Prevent IgM MGUS Progression by Targeting the Driver Mutation

Prevent IgM MGUS Progression by Targeting the Driver Mutation Project Summary Patients with monoclonal gammopathy of undetermined significance of the IgM class (IgM MGUS) are at increased risk for Waldenstrom macroglobulinemia (WM), non-Hodgkin lymphoma (NHL), chronic lymphocytic leukemia (CLL), or primary light-chain (AL) amyloidosis. Myeloid differentiation factor 88 (MYD88) was

discovered in the 1990s as a primary differentiation response gene in myeloid precursors. A missense mutation (L265P) changing leucine at position 265 to proline in MYD88 is found in ~90% of WM. This driver mutation also occurs in >50% of primary extranodal lymphomas and ~29% of activated B-cell diffuse large B-

cell lymphomas (ABC-DLBCL), as well as in ~52% of IgM MGUS. No precancer-cancer pairs other than IgM MGUS-WM have a single amino acid substitution like MYD88 L265P occurring in most precancer and ~90% of cancer, making MYD88 L265P paradigmatic for the study of a single causative mutation in cancer prevention

and interception.
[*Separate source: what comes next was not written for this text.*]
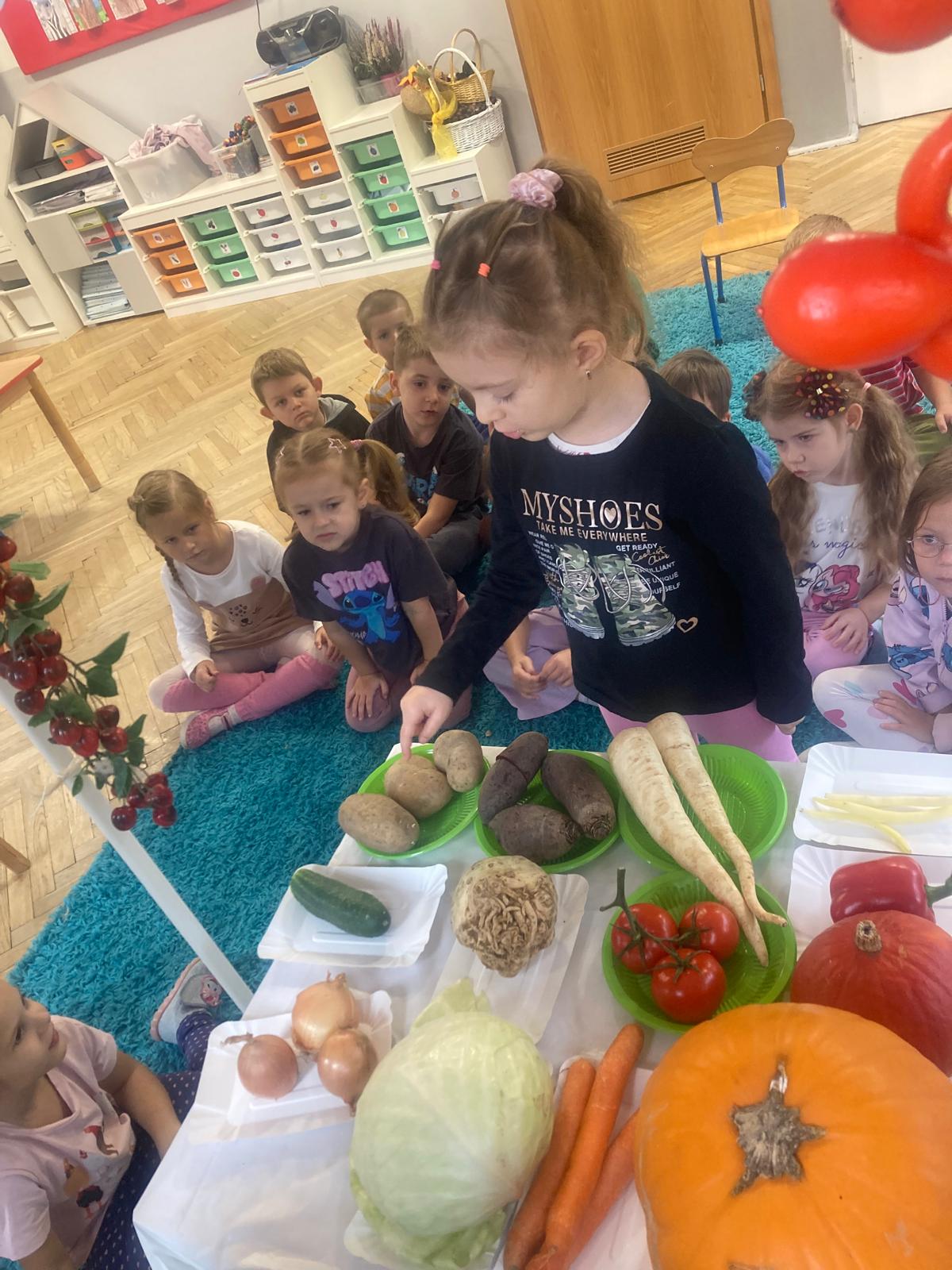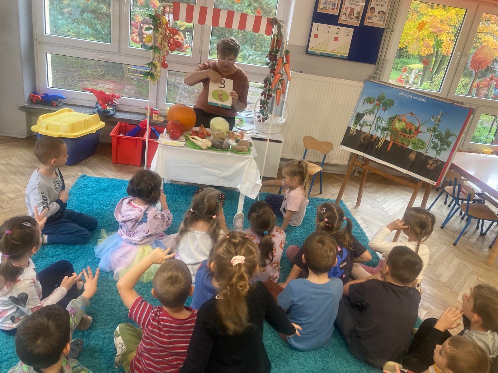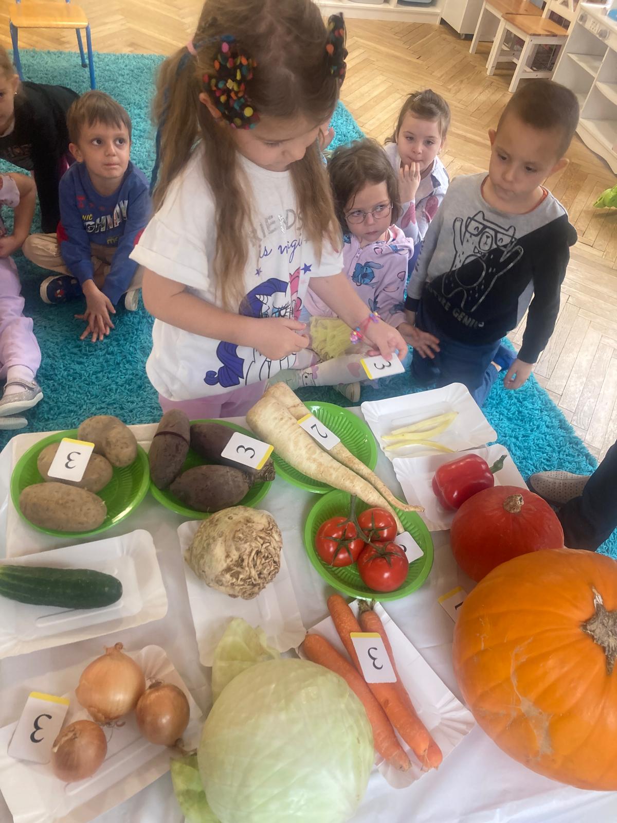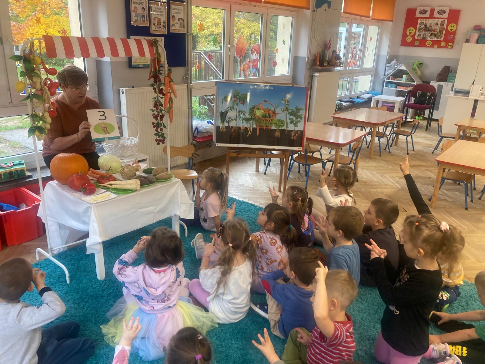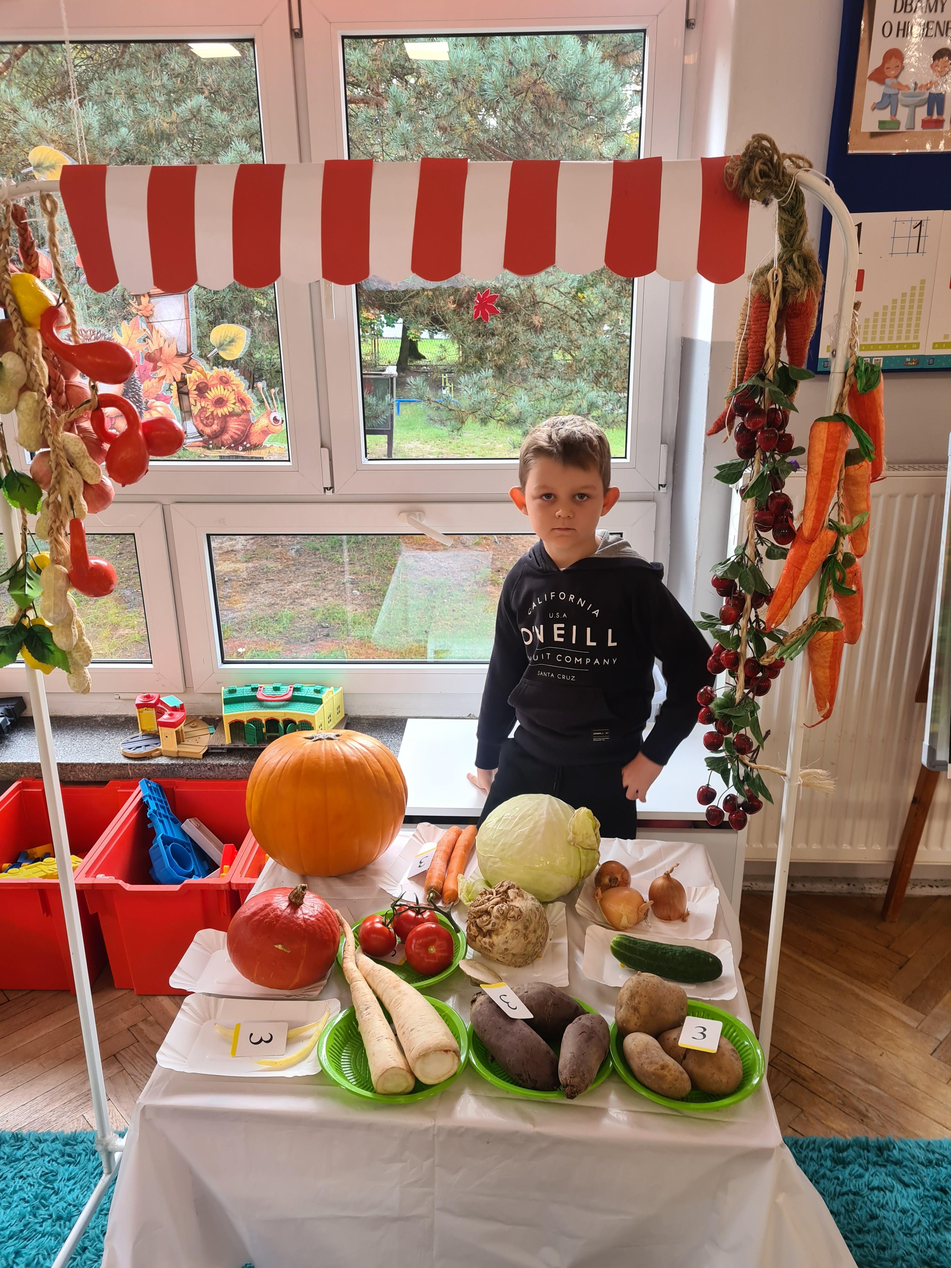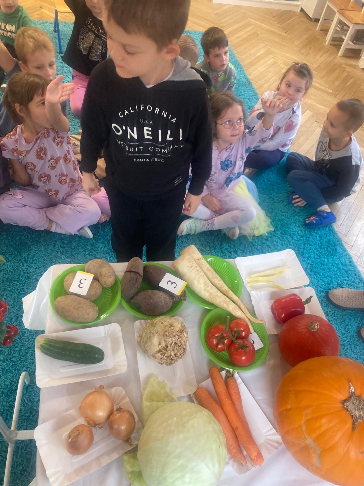 O tym co jemy,co jest dobre dla zdrowia rozmawialiśmy w oparciu o ilustracje,wiersze,opowiadania i zagadki.Na straganie z warzywami utrwalaliśmy ich nazwę, przeliczaliśmy sztuki poznajac cyfrę 3 w aspekcie kardynalnym i porządkowym.Witaminowe przyjęcie uswiadomilo dzieciakom wpływ witamin na organizm.Ćwiczyliśmy swoją sprawność manualną poprzez zabawy sensoryczne,poznawaliśmy wszystkimi zmysłami warzywa i owoce.Rozpoznawaliśmy które warzywa rosną pod ziemią,które nad ziemią."Sadziliśmy" ziemniaki doskonalac swój spryt. W tym tygodniu swoje urodziny obchodził Kamilek! Duuuużo zdrówka Kamilku życzymy!

We found that the RING finger protein 138 (RNF138) attaches lysine 63 (K63)-linked polyubiquitin chains to MYD88 L265P, yet strikingly, it has little activity on WT MYD88. This posttranslational modification on MYD88 L265P is essential to its oncogenic action. We have used a deep learning artificial

intelligence (AI) technology based on a neural network to virtually screen about ten million compounds. We identified scores of primary hit compounds targeting a binding site near L265P in MYD88. We validated primary hits from AI screening and evaluated their inhibition of MYD88 L265P ubiquitination and xenograft

tumorigenesis. One compound attenuated lymphoma growth from NHL cells with MYD88 L265P but not that with WT MYD88. The E3 ligase RNF138 is primarily expressed in the testis and in immune cells, and its whole- body knockout in mice does not affect physiological functions other than that in the testis. RNF138 deletion

attenuates tumorigenesis from WM and DLBCL cells with MYD88 L265P but not from cells with WT MYD88. We hypothesize that targeting the MYD88 L265P-RNF138 interaction prevents IgM MGUS progression. In this application, we propose two specific aims to identify and validate chemo- and immune-prevention agents to

target MYD88 L265P-RNF138 and prevent IgM MGUS progression into WM and NHL. In Aim 1, we will use the AI-developed MYD88 L265P-targeting compound to prevent IgM MGUS progression. In Aim 2, we will use DNA vaccines against RNF138 to prevent IgM MGUS progression. We expect to generate effective chemical

and immunological agents without overt toxicities for cancer prevention and interception against IgM MGUS progression.